View the code on Gist.

This is a bit confusing due to the terminology and duplication, but each layer has its own job.

node_redis-redisearch just provides the commands to node_redis, without any parsing or abstraction. node_redis just opens up the world of Redis to JavaScript. Got it? Good.

Detecting RediSearch Bindings

Since RediSearch isn’t a default part of Redis, we need to check that it is installed. We’re going to make the assumption that RediSearch is installed on the underlying Redis server. If it isn’t installed, then you’ll simply get a Redis error similar to this:

ERR unknown command 'ft.search'

Not having the bindings is a more subtle error (complaining about an undefined function), so we’ll build in a simple check for the ft_create command on the instance of the Redis client.

Creating the Client

To be able to manage multiple different indexes and potentially different clients in a way that isn’t syntactically ugly and inefficient, we’ll use a factory pattern to pass in both the client and the index key. You won’t need to pass these again. The last two arguments are optional: an options object and/or a callback.

It looks like this:

...
rediSearchBindings(redis);
let mySearch = rediSearch(client,'my-index');
//with optional options object
let mySearch = rediSearch(client,'my-index', { ... });
//with optional options object and callback.
let mySearch = rediSearch(client,'my-index', { ... }, function() { ... });
...

The callback here doesn’t actually provide an error in its arguments; it is just issued when the node_redis client is ready. It is entirely optional and provided primarily for benchmarking so you don’t start counting down the time until the connection is fully established.

Another useful feature of this function is that the first argument can optionally be the node_redis module. We’ll also automatically add in the RediSearch bindings in this case. You can designate this library to manage the creation of your client and specify other connection preferences in the options object located at clientOptions. Many scripts have specialized connection management routines so it is completely optional to pass either a client or the node_redis module.

We’ll be using similar signatures for most functions and the final two arguments are optional: an options object and a callback. Consistency is good.

Creating an Index

Creating an index in RediSearch is a one-time affair. You set up your schema prior to indexing data and then you can’t alter the schema without re-indexing the data.

As previously discussed, there are three basic types of indexes in RediSearch:

  1. Numeric

  2. Text

  3. Geo

(Note: There is a fourth type of index, the tag index, but we’ll cover that in a later installment.)

Each field can have a number of options — this can be a lot to manage!

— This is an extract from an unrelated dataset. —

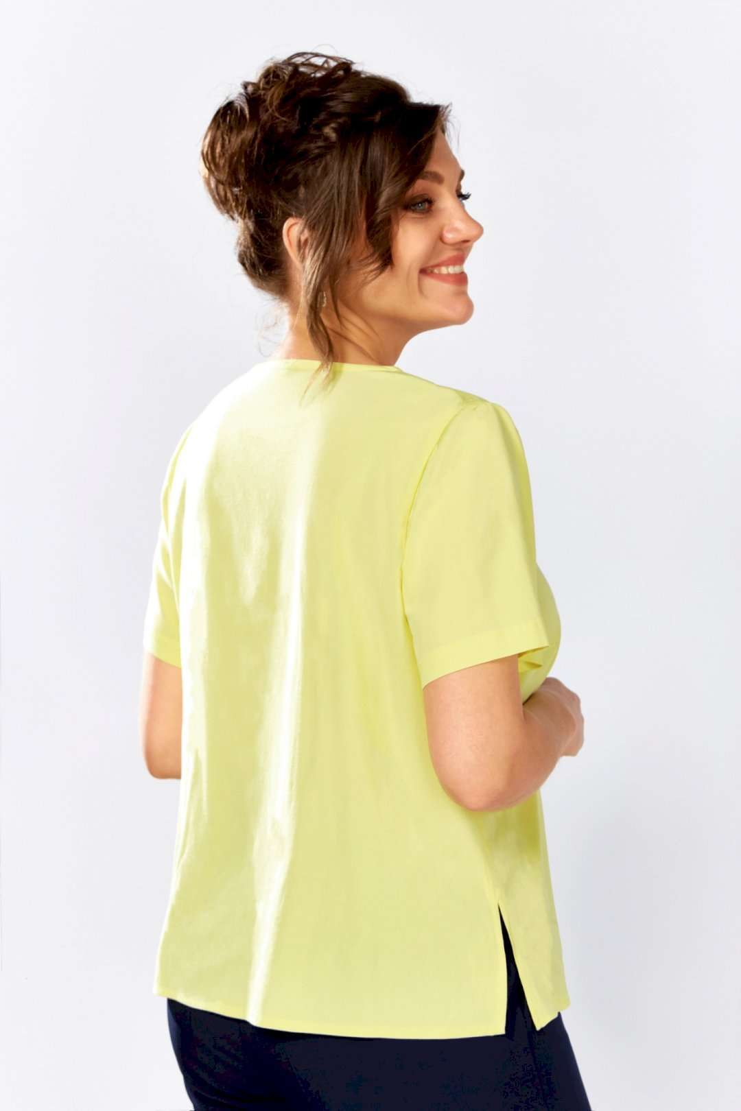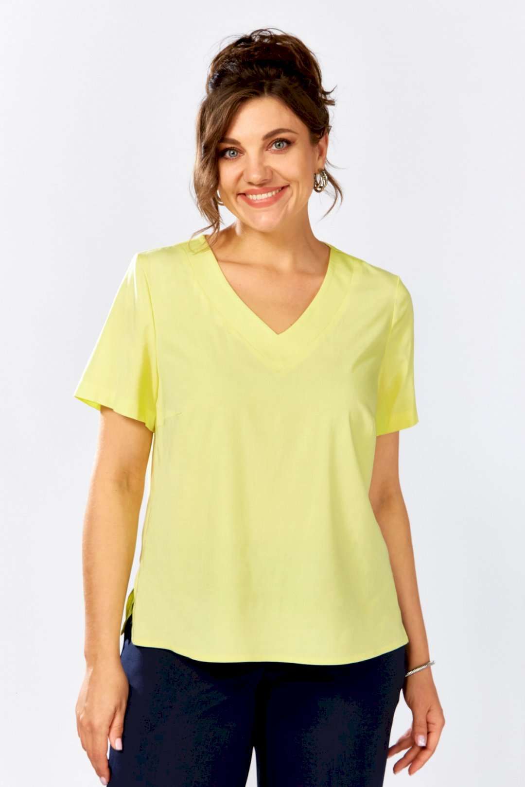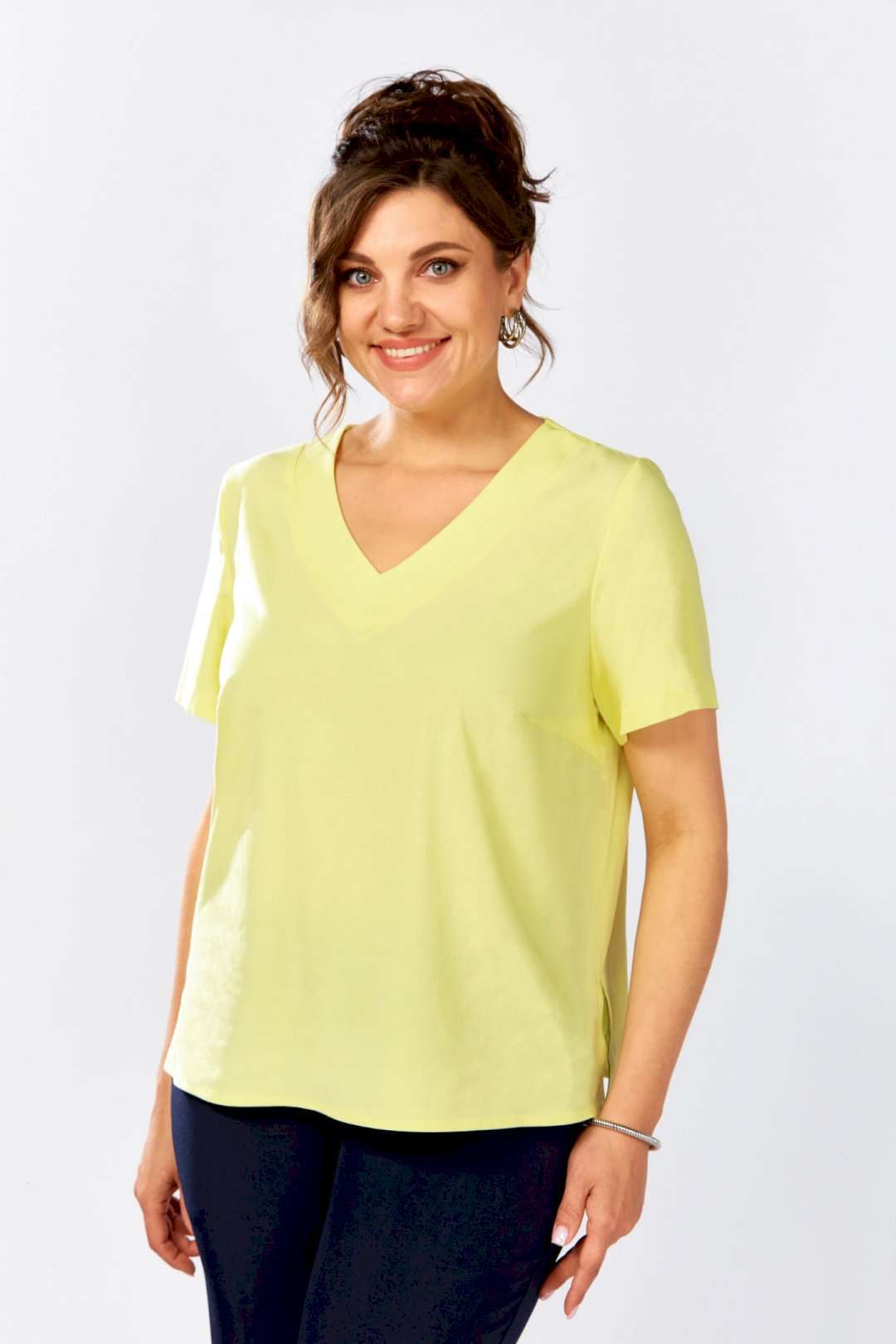 Блузка женская, свободного кроя с коротким рукавом и V-образной горловиной добавит образу изысканности и обеспечит комфорт в течение всего дня.

So, let’s abstract this by returning a fieldDefinition object that has three functions: numerictext, and geo. Seems familiar, eh?

All three methods have two required options and text fields have an optional options object. They are in this order:

  1. Field name: String
  2. Sortable: Boolean
  3. Options: Object (optional, text fields only) with two possible properties: noStem (do not stem words) and weight (sorting weight)

These methods return arrays of strings that can be used to build a RediSearch index. Let’s take a look at a few examples:

mySearch.fieldDefinition.text('companyName',true,{ noStem : true }); // -> [ 'companyName', 'TEXT', 'NOSTEM', 'SORTABLE' ]
mySearch.fieldDefinition.numeric('revenue',false); // -> [ 'revenue', 'NUMERIC' ]
mySearch.fieldDefinition.geo('location',true); // -> [ 'location', 'GEO', 'SORTABLE' ]

So, what do we do with these little functions? Of course, we use them to specify a schema.

mySearch.createIndex([ mySearch.fieldDefinition.text('companyName',true,{ noStem : true }), mySearch.fieldDefinition.numeric('revenue',false), mySearch.fieldDefinition.geo('location',true)], function(err) { /* ... do stuff after the creation of the index ... */ } );

This makes a clear and expressive statement on the fields in the schema. One note here: While we use an array to contain the fields, RediSearch has no concept of order in fields, so it doesn’t really matter in which order you specify fields in the array.

Adding Items to an Iindex

Adding the item to a RediSearch index is pretty simple. To add an item, we supply two required arguments and consider two optional arguments. The required arguments are (in order):

  1. A unique ID

  2. The data as an object

The two optional arguments follow our common signature: options and a callback. As per common Node.js patterns, the first argument of the callback is an error object (unset if no errors) and the second argument of the callback is the actual data.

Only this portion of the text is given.